Георгий Николов - Зной прошлого
Он так пламенно декламировал, что ни разу даже не взглянул на меня, и казалось, вообще забыл о моем присутствии. Я слушала его, смущенная и потрясенная, из моих глаз текли слезы боли и радости, я вновь видела брата таким, каким он был прежде. Когда Атанас закончил читать, я выхватила у него из рук листки и бросилась к дому. Еще в дверях я закричала: «Брат выздоровел, брат поправился!» Мама прочитала стихотворение и сразу же пошла к Атанасу…
— Кажется, в тот же день, — рассказала мне Иванка, сестра Йовчо Желева, — Манчев прислал мне написанное им стихотворение «Товарищам», посвященное памяти Гочо, Ивана и Йовчо. Под стихотворением имелась приписка: «Поется на мелодию советской песни „Расстрел коммунаров“». Стихотворение, явившееся первым значительным признанием вклада погибших в борьбу за свободу, в том числе и моего брата, внесло хоть какое-то успокоение в наш дом.
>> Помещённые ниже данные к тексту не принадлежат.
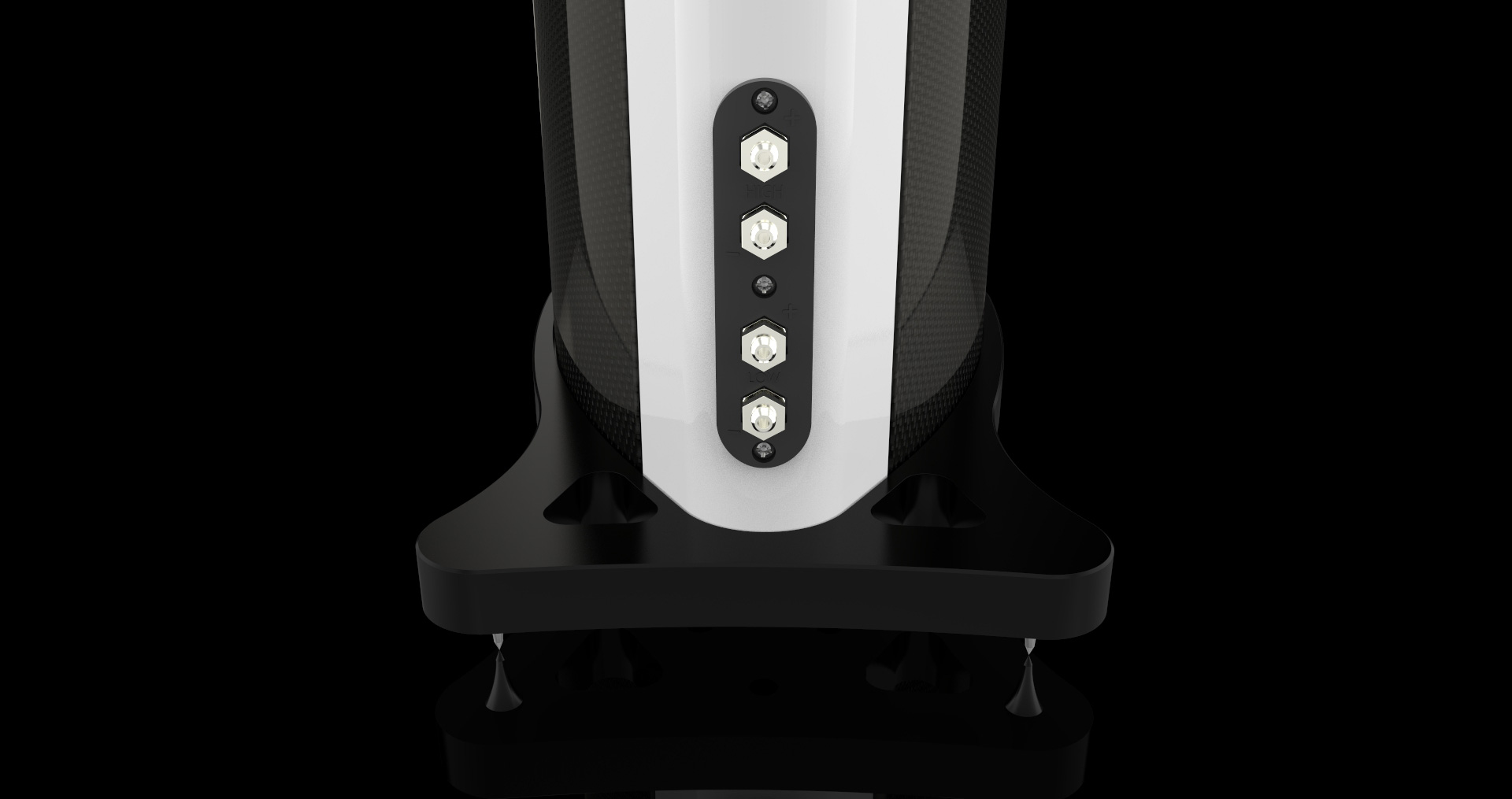 | FINISHES | Anodised black baffle Silk black spine and foot High gloss satin weave carbon fibre cabinet High gloss black acrylic top Bespoke side cheek options |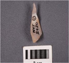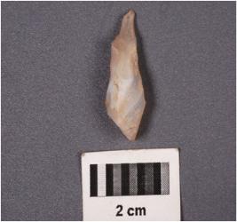 | Description / विवरण | A microlithic point made on chalcedony with use-ware makrs on cuttinge edges and a pointed end, ridge on the dorsal side. |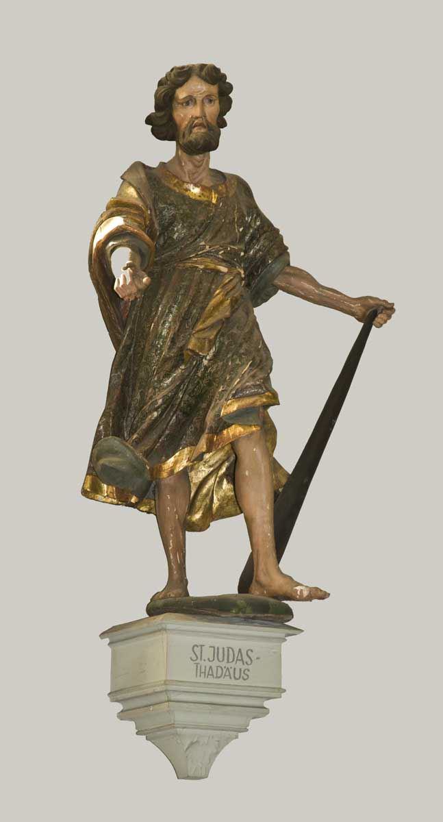 Judas soll in Vorderasien (Tur Abdin) und Phönizien gewirkt haben. Hier soll er erstochen, enthauptet oder mit einer Keule erschlagen worden sein. In der christlichen Kunst ist er daher oft mit einer Hellebarde, Steinen, einer Axt oder einer Keule zu sehen. (Wikipedia)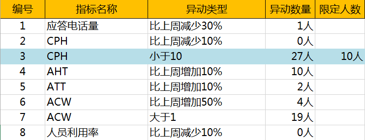 指标项“CPH”(每小时接听量)使用的是净值监控,只要员工CPH指标小于10,则立即体现在员工异动名单之中。但是本周CPH小于10的人员数量比预先设想的要多些,那么可以通过限定命中此项异动的人数上限来控制异动报警的数量。

Каждый вечер мы собирались все вместе — отец и мать, брат Иван и моя сестра, — читали и перечитывали стихотворение, тихонько напевали его и не могли сдержать слез. Вскоре полиция арестовала и меня. Листки со стихотворением были тогда у меня, спрятать их было негде, и я проглотила их, чтобы они не попали в руки фашистам…
— Расстрел Йовчо Желева и Ивана Немцова, — поделился бай Георгий, — еще сильнее сплотил наши ряды, так что отпала всякая необходимость убеждать и агитировать людей. Их подвиг превратился в наше знамя, а стихотворение Манчева — в страстный призыв к борьбе против фашистского режима. Пример мужества и верности павших борцов и посвященная им песня превратились в грозное оружие…
И вот Атанас Манчев в очередном тайнике, на этот раз под заботливой опекой тетушки Кали — матери его друга Ивана Ченгелиева. Прошлой ночью второй раз в этом году увидела тетушка Каля сына в родном доме. Радостно забилось материнское сердце, но, вместо того чтобы обнять и расцеловать сына, тетушка Каля, лишь на миг опустив голову на плечо Ивану, встревоженно спросила:
— Не видел ли вас кто-нибудь?
— Да ты, никак, не привыкла еще, мама? — в свою очередь спросил Иван и улыбнулся.
— Ко всему уже я притерпелась, — вздохнула тетушка Каля и, обернувшись к незнакомому ей гостю, которого сын назвал Моцем, спросила: — А у тебя есть мать?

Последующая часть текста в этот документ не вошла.